Several studies have reported unusually high COI distances between species within the subfamily Aphidiinae [
47,
49]. For example Kocić et al. [
47] found COI average distances of up to 20.7% among species in the phylogenetically old aphidiine genus
Ephedrus. Similarly, some species of
Lipolexis showed even higher average distances (i.e., 23.2% between
L. bengalensis sp. n. and
L. peregrinus sp. n.). While adults of
Ephedrus possess several plesiomorphic taxonomic characters, this is not the case for
Lipolexis. In fact,
Lipolexis is characterized by several apomorphic taxonomic characters, such as reduced wing venation, elongated petiole, and shape of the ovipositor sheath.

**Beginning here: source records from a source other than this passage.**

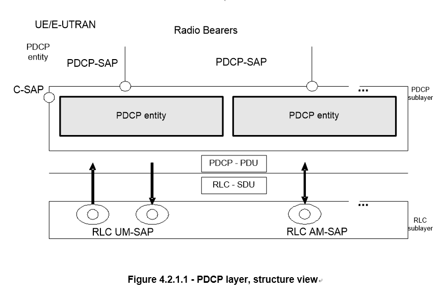 参考 36323 4.2.1 每个RB承载(i.e. DRB, SLRB and SRB, except for SRB0 and SRB1bis)都会有一个PDCP实体与其关联,同时,根据RB承载的特性,一个PDCP实体又可以关联一个或两个RLC实体。For LWA bearers, each PDCP entity is associated with an AM RLC entity and the LWAAP entity. The PDCP entities are located in the PDCP sublayer。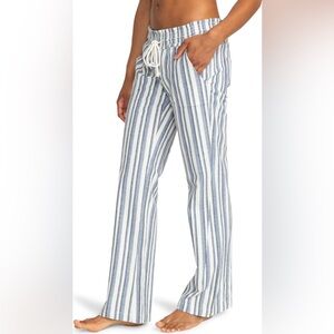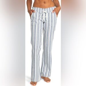 A braided drawstring adds to the beachy feel of linen-kissed pants equipped with handy pockets.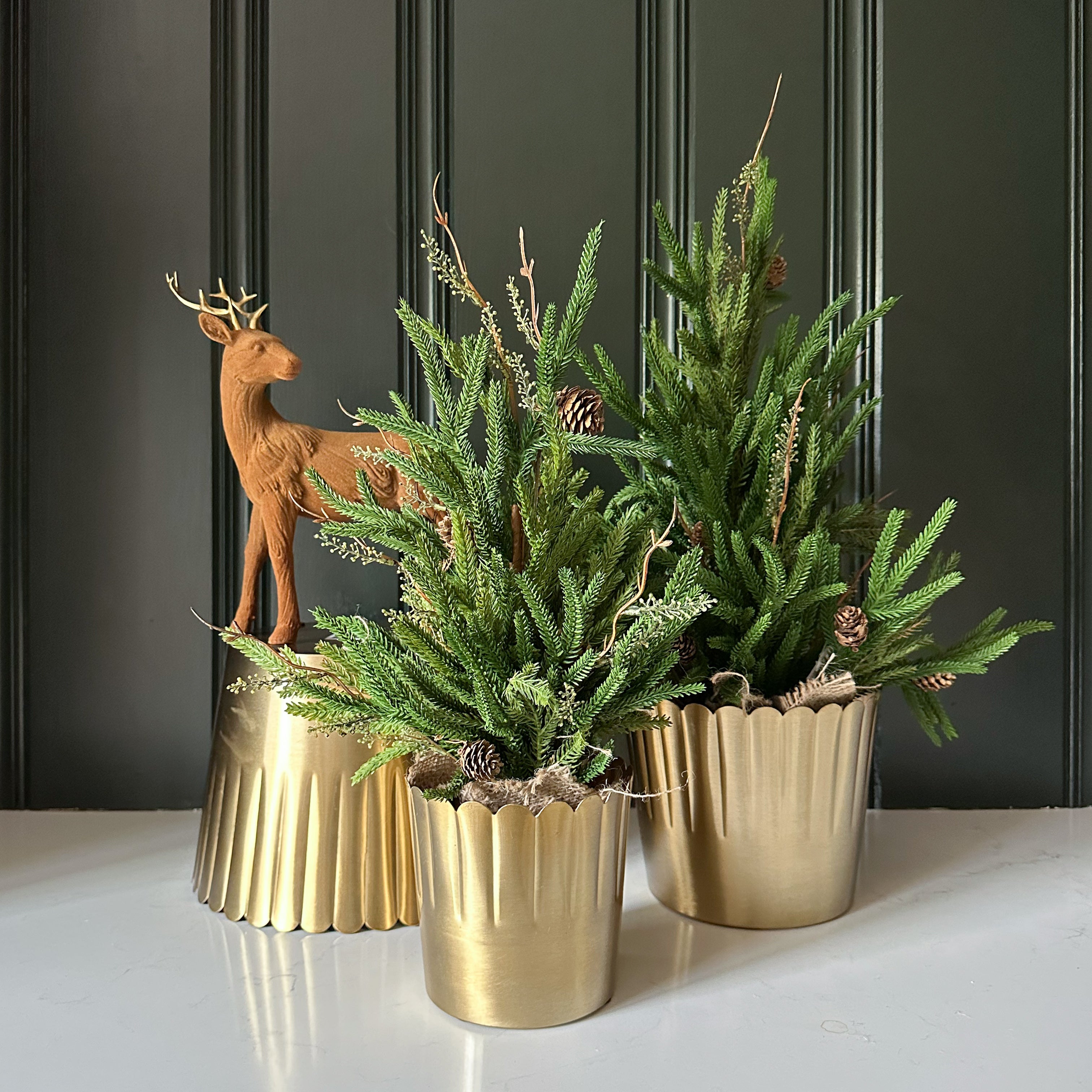 All that golden shine for the season. Place your faux and real holiday greens and floral right in. 3 sizes available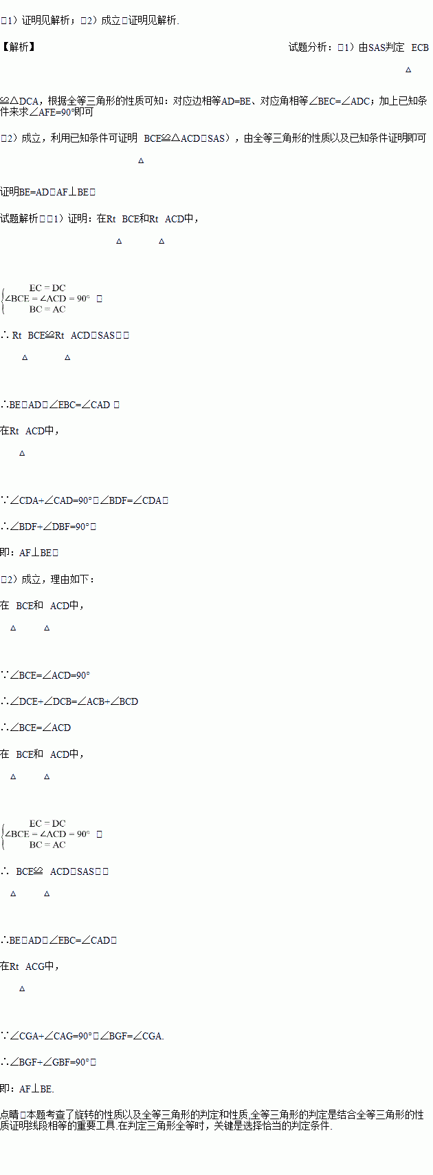 (2)将△ABC绕点C顺时针旋转(如图2),连结BE、AD,AD分别交BE、BC于点F、G,那么(1)中的结论还成立吗?若成立,请证明;若不成立,请说明理由.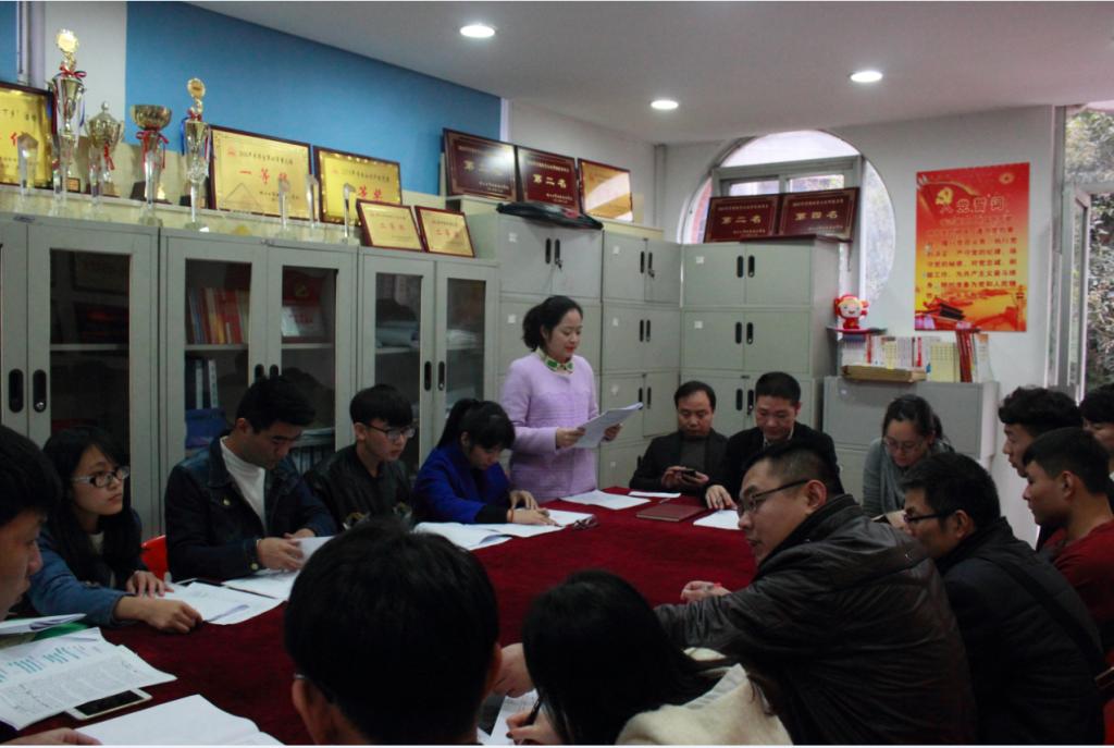 会议开始,冯士活老师介绍了此次支部大会的目的,发展员工党员的主要流程并宣布正式开始会议。发展员工党员的主要流程为个人陈述、现场问答、介绍人和与会群众的介绍、个人表态和组织投票。首先,9名发展对象通过宣读入党志愿书,向党组织汇报个人的思想、学习、生活、群众关系和党性修养等方面的表现;其次,随机抽取两道题目作答,题目内容涉及党的性质、宗旨、基本路线及十八大精神等方面;随后,入党介绍人和与会群众介绍发展对象的情况,既有优秀的部分,也有不足之处。接着,针对师生所给的建议和批评,各发展对象表明自己今后的努力方向。最后,有表决权的教师党员就是否同意发展对象加入中国共产党进行投票。经计票人和监票人的统计,9名发展对象均以全票通过的方式,成为员工预备党员。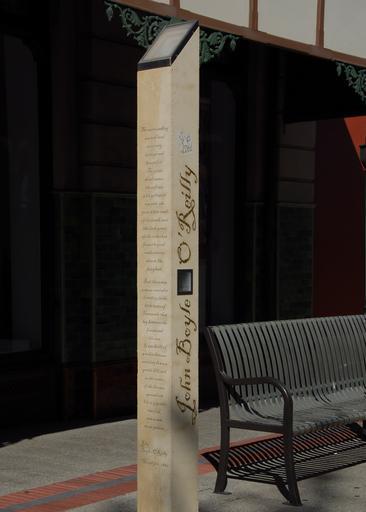 Keywords: O'Reilly installation, Fremantle.jpg Photograph of one of the five installations on the Fremantle Western Australia City Council's Writers Walk described in pdf files of their cultural and heritage trails linked from this http //www fremantletrails com au/ document This installation or 'totem' concerns John Boyle O'Reilly and a gives a selection of his writing The surrounding sea and land were very strange and beautiful The green shoal water the soft air with yellowish warmth the pure white sand of the beach and the dark green of the unbroken forest beyond made a scene almost like fairyland But there was a stern reminder of reality in the little town of Fremantle that lay between the forest and the sea It was built of wooden houses running down a gentle hill; and in the centre of the houses spread out like a gigantic starfish was a vast stone prison John Boyle O'reilly Moondyne 1880 own 2007-09-21 The Original work is by the artist Bridget Norton As public art it is presumed to also be public domain as above Fremantle Western Australia Images by Cygnis insignis Memorial walks |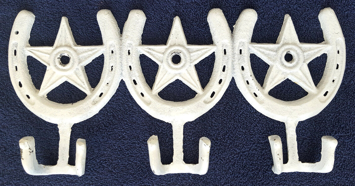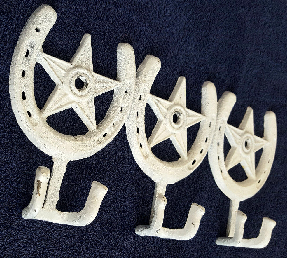 Horseshoe Coat Rack-Star-White-3 Double Hooks-Hat Wall Hanger-Country Art Decor
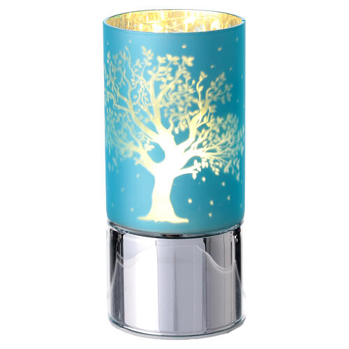 LED lamp of opaque light blue glass with Tree of Life silhouette, favour by Bagutta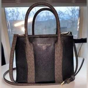 Michael Kors Black Pebbled Leather Satchel MK Logo Trim Crossbody NWOT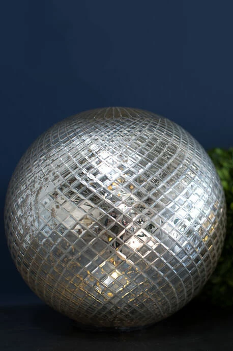 This 10″ wide mercury glass etched LED sphere has warm white lights. It rests on a rubber foam base. And is powered by 3 AAA batteries/ not included. Make a statement at your next event with this wonderful mirror sphere as a centerpiece.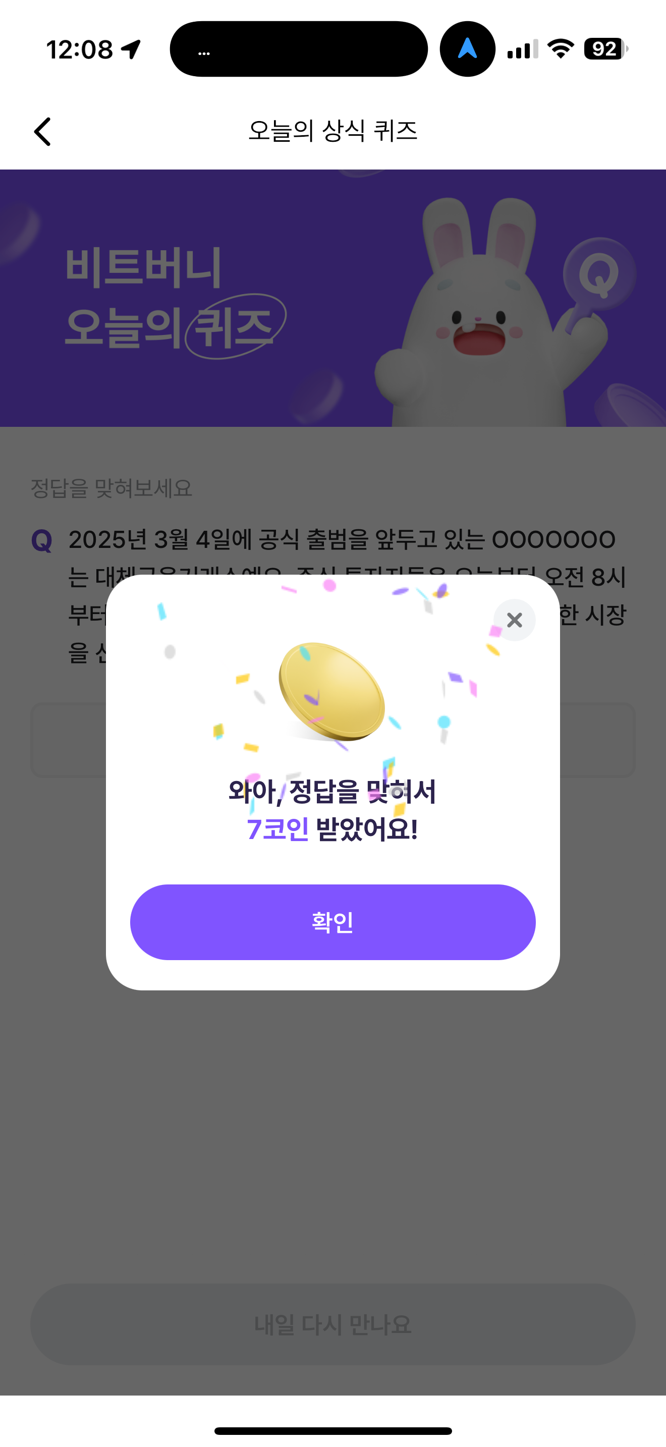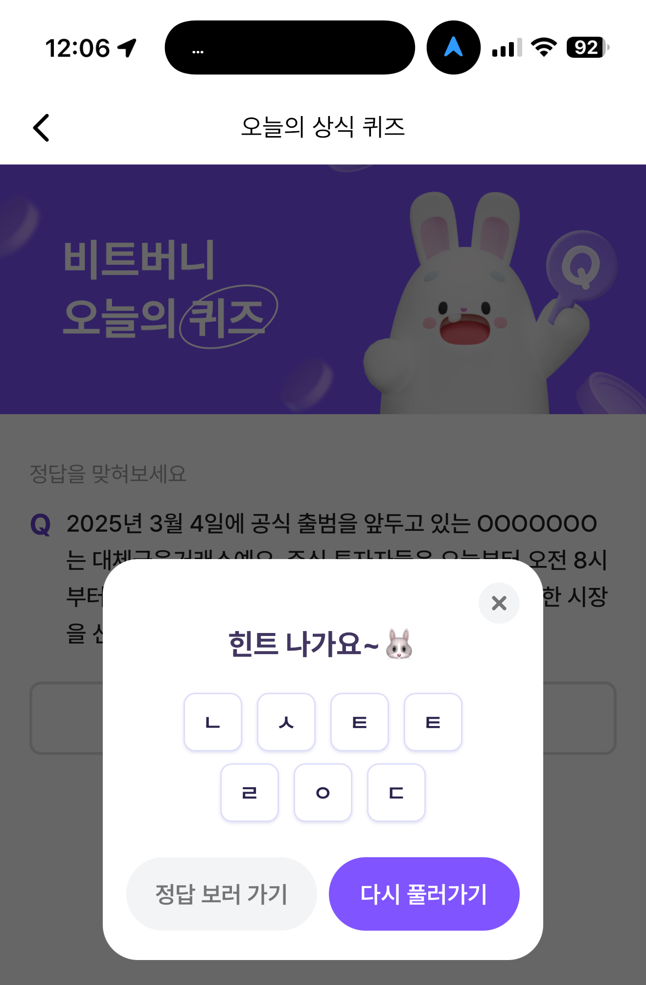 비트버니 오늘의 퀴즈 초성 힌트는 ㄴㅅㅌㅌㄹㅇㄷ 입니다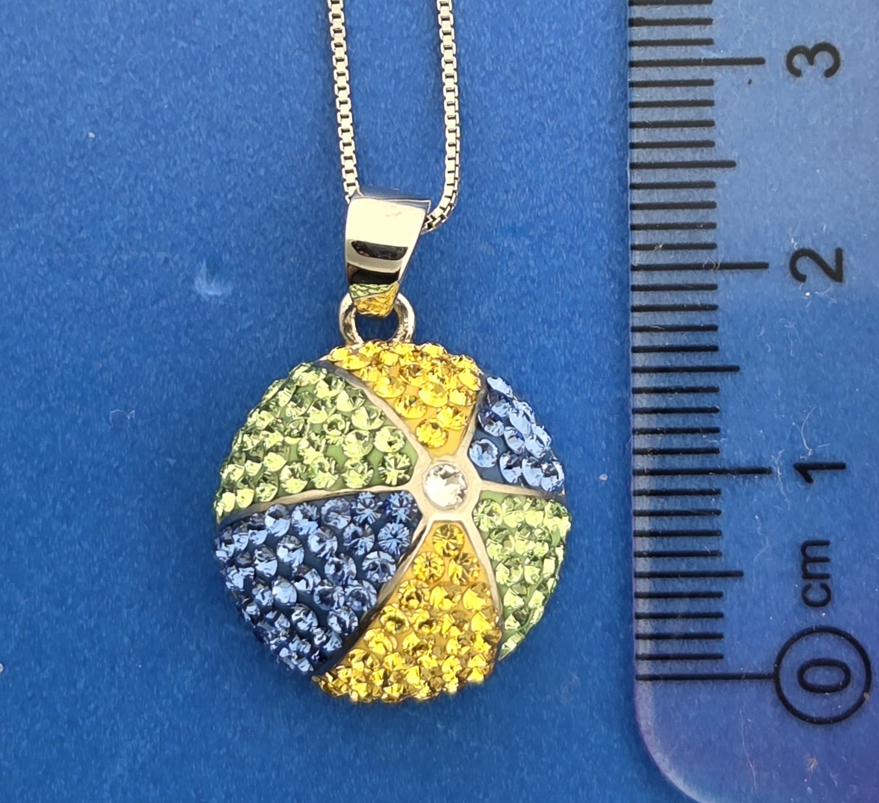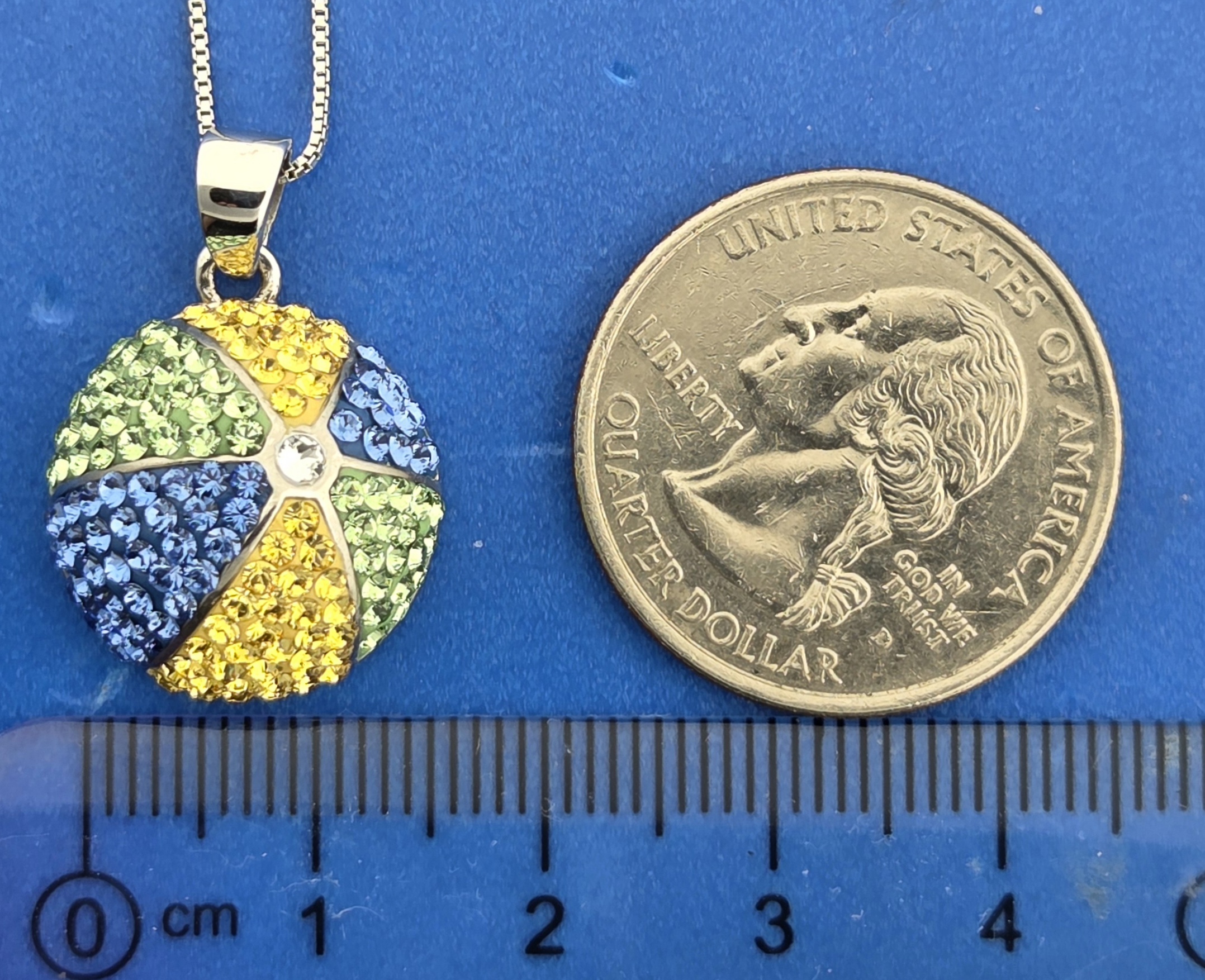 sterling silver rhodium plated beach ball pendant, green, yellow & blue hand set crystals, a clear crystal is in the center.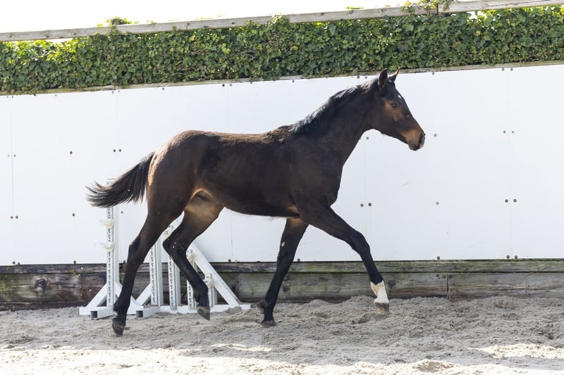 Groot, modern jaarling met veel bloed en uitstraling. Laat nu al zien dat hij veel afdruk heeft en licht van de grond komt voor zijn formaat. Compleet gebouwd en atletisch in beweging. Een paard met veel potentie, waarvan je het gevoel hebt dat hij zich richting de toekomst kan onderscheiden op niveau. Vader Chacco-Blue 1.60m Grand Prix Eén van de beste verervers wereldwijd met uitzonderlijk veel 1.60m paarden en internationale toppers. Moeder Centuria 7 (v. Cento 1.60m) 1.60m springen Moederlijn / stam Grootmoeder Corlida (v. Cornet Obolensky 1.60m) – 1.60m springen Overgrootmoeder Salida (v. Calido I) – Calida – 1.55m – Centuria 7 – 1.60m – Carry Me – 1.40m – Cool Boy 17 – 1.30m Verder in de stam: – Cent Blue – 1.55m – Vertical Limit – 1.60m – Freedom – 1.50m – Spartacus D – 1.45m – Game Boy 63 – 1.40m – Chica Pru – 1.40m – Action Sandra PS – 1.35m Goedgekeurde hengsten in de lijn: – Chacco-Blue – Cento – Cornet Obolensky – Calido I Zeer sterke internationale sportstam met veel 1.50m–1.60m paarden.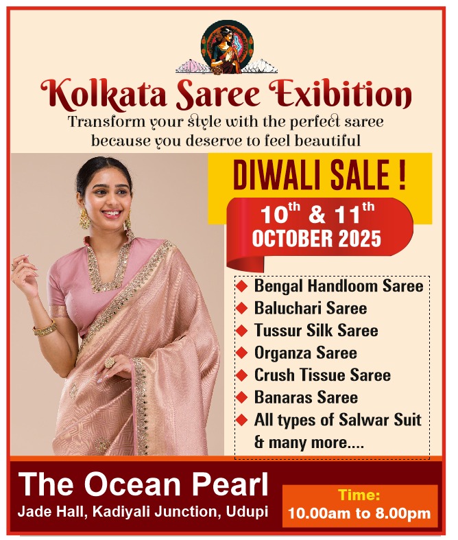 ಉಡುಪಿ:ಅ.10,11 ರಂದು ಕೋಲ್ಕತ್ತಾ ಸೀರೆ ಪ್ರದರ್ಶನ ಹಾಗೂ ದೀಪಾವಳಿ ಮಾರಾಟ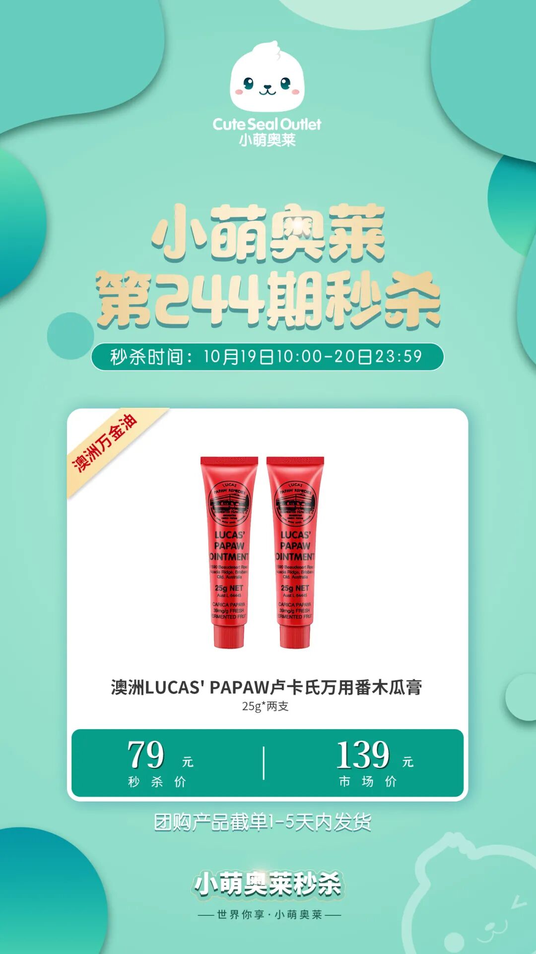 小萌奥莱Cute Seal Outlet10.19团品汇总

Its apomorphies and phylogenetic studies at the subfamily level (where it is clustered with evolutionary younger genera
Binodoxys and
Trioxys) suggest this genus evolved quite recently. However, the average genetic distances of COI, which are even higher than those in
Ephedrus, might indicate that
Lipolexis diversification was not a recent event. Furthermore, Finlayson [
25] stated that the larval morphology of
Lipolexis exhibits plesiomorphic morphological characters. One possibility might be that
Lipolexis separated early in the evolution of Aphidiinae and acquired adult apomorphic traits independently. Further research is needed in order to try to resolve the complex and poorly investigated position of
Lipolexis and its relationships with the other aphidiine members.